A la même époque que les premières featurettes de Winnie L’Ourson, Walt Disney était en train de concevoir son Experimental Prototype Community of Tomorrow (EPCOT). Y-aurait-il un lien entre la société de la Forêt des Rêves Bleus et cette société idéale qu’il était en train d’imaginer ?

Je dois avouer que je n’y ai jamais songé. Ce que je peux dire, c’est qu’il y avait une grande cohérence, une grande unité dans la pensée de Walt, et il doit en effet y avoir un lien direct entre les deux.

Pour WINNIE L’OURSON, le directeur musical fut cette fois Buddy Baker.

C’était quelqu’un de merveilleux. Nous voulions que nos mélodies soient simples, douces et enfantines, et il les a prises comme base de travail et les a serties dans sa musique avec une telle subtilité qu’on ne se rendait pas compte à la première écoute qu’elles étaient là. C’était vraiment quelqu’un de remarquable. Il a écrit toute la musique du film à partir de nos chansons et c’est un merveilleux sentiment que d’assister à cela. C’était quelqu’un d’extrêmement gentil. Sa musique pour WINNIE L’OURSON était exactement comme lui. Il a mis autant d’énergie et de coeur dans l’arrangement de chansons d’autres compositeurs que s’il s’agissait de ses propres mélodies. Avec lui, c’était également un véritable travail d’équipe comme Walt les aimait.

Votre collaboration avec Buddy Baker ne s’est pas limitée au cinéma.

En effet. Nous avons participé à de nombreux projets ensemble comme A Great Big Beautiful Tomorrow pour le Carousel of Progress ou It’s A Small World et il a réalisé les arrangements de l’attraction The Many Adventures of Winnie the Pooh pour le Magic Kingdom de Walt Disney World.



Pourquoi avez-vous décidé de quitter le Studio à l’issue de votre travail sur Les Aristochats ?

Durant les derniers mois que nous avons passés au Studio, nous avons eu un certain nombre de réunions avec Woolie Reitherman et d'autres artistes du département animation qui voulaient que nous leur écrivions des chansons pour certaines séquences, chose que nous avons faite. Puis notre contrat est arrivé à échéance et nous sommes partis. Ils nous ont dit: "merci pour tout. Nous utiliserons ce que nous pourrons." Vous connaissez la suite. En fait, nous sommes partis parce Walt n'était plus là. Il était notre soutien. Lui comprenait ce que nous faisions. Il n'aurait jamais abandonné des chansons comme cette ballade dont je vous parlais. Lui nous laissait toujours carte blanche. Il avait confiance en nous. Il nous disait: "je veux telle chanson pour tel film". C'était tout. Alors que d'autres personnes disaient: "je ne sais pas. Je ne suis pas sûr qu'on ait besoin d'une chanson ici, cela ralentit tout…" La majeure partie des cinéastes craignent les ballades! Ils font tout pour les éviter!

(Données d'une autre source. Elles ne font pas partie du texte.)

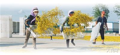 吴忠市红寺堡区周新村村民在晾晒黄花菜。
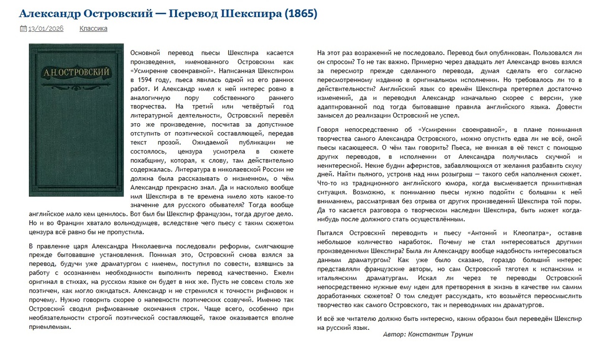 Александр Островский — Перевод Шекспира - Критика
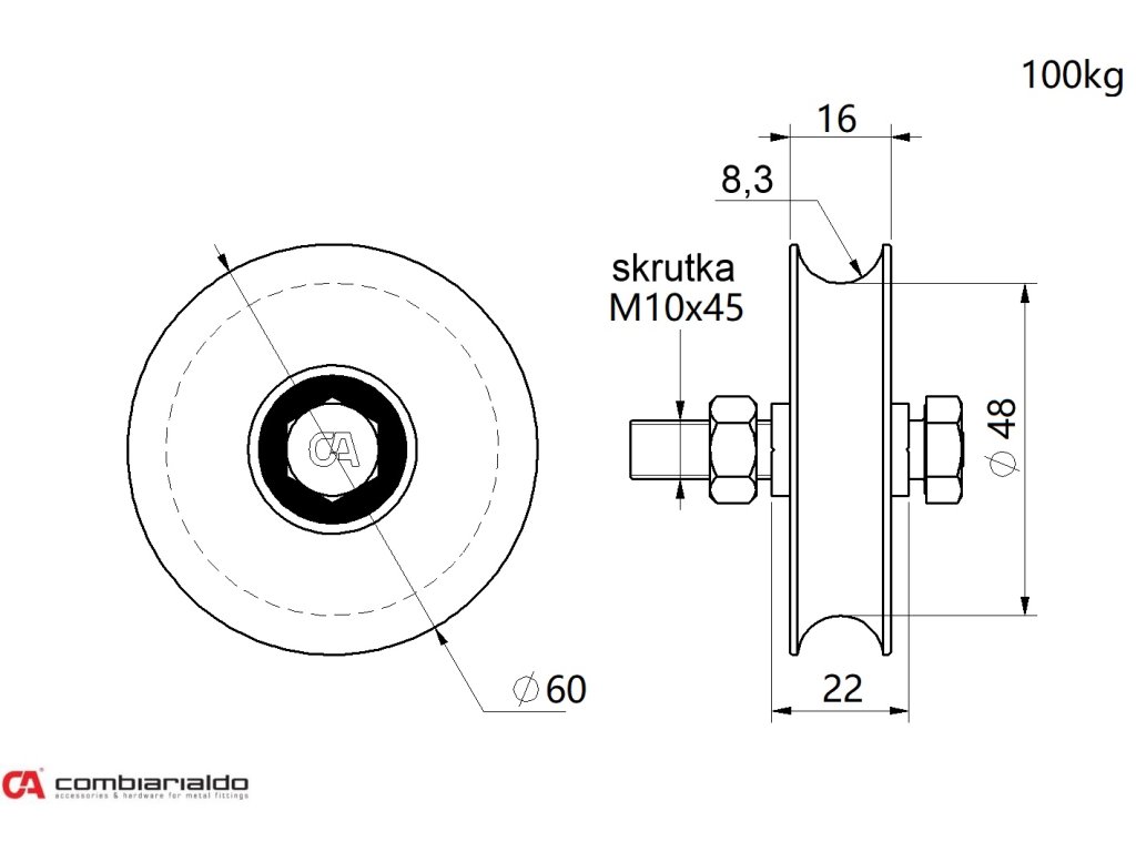 Kolečko o průměru 60mm se šroubem, jednoložiskové Combi Arialdo, C902/16 profil, nosnost 100kg

Malgré ces désagréments, vous êtes toujours revenus vers Disney.

Nous avons gardé des contacts très amicaux. Les opportunités ont été nombreuses en dehors de Disney. Nous avons écrit dix films. Tandis que chez Disney à l'époque, il n'y avait plus assez de travail. Nous étions très créatifs et nous ne voulions pas perdre cette énergie. Mais cela ne nous a pas empêchés de faire beaucoup de choses pour les parcs Disney et les films. Sans oublier, bien des années plus tard, Les Aventures de Tigrou.

Qu'est-ce qui vous a motivé pour faire ce film ?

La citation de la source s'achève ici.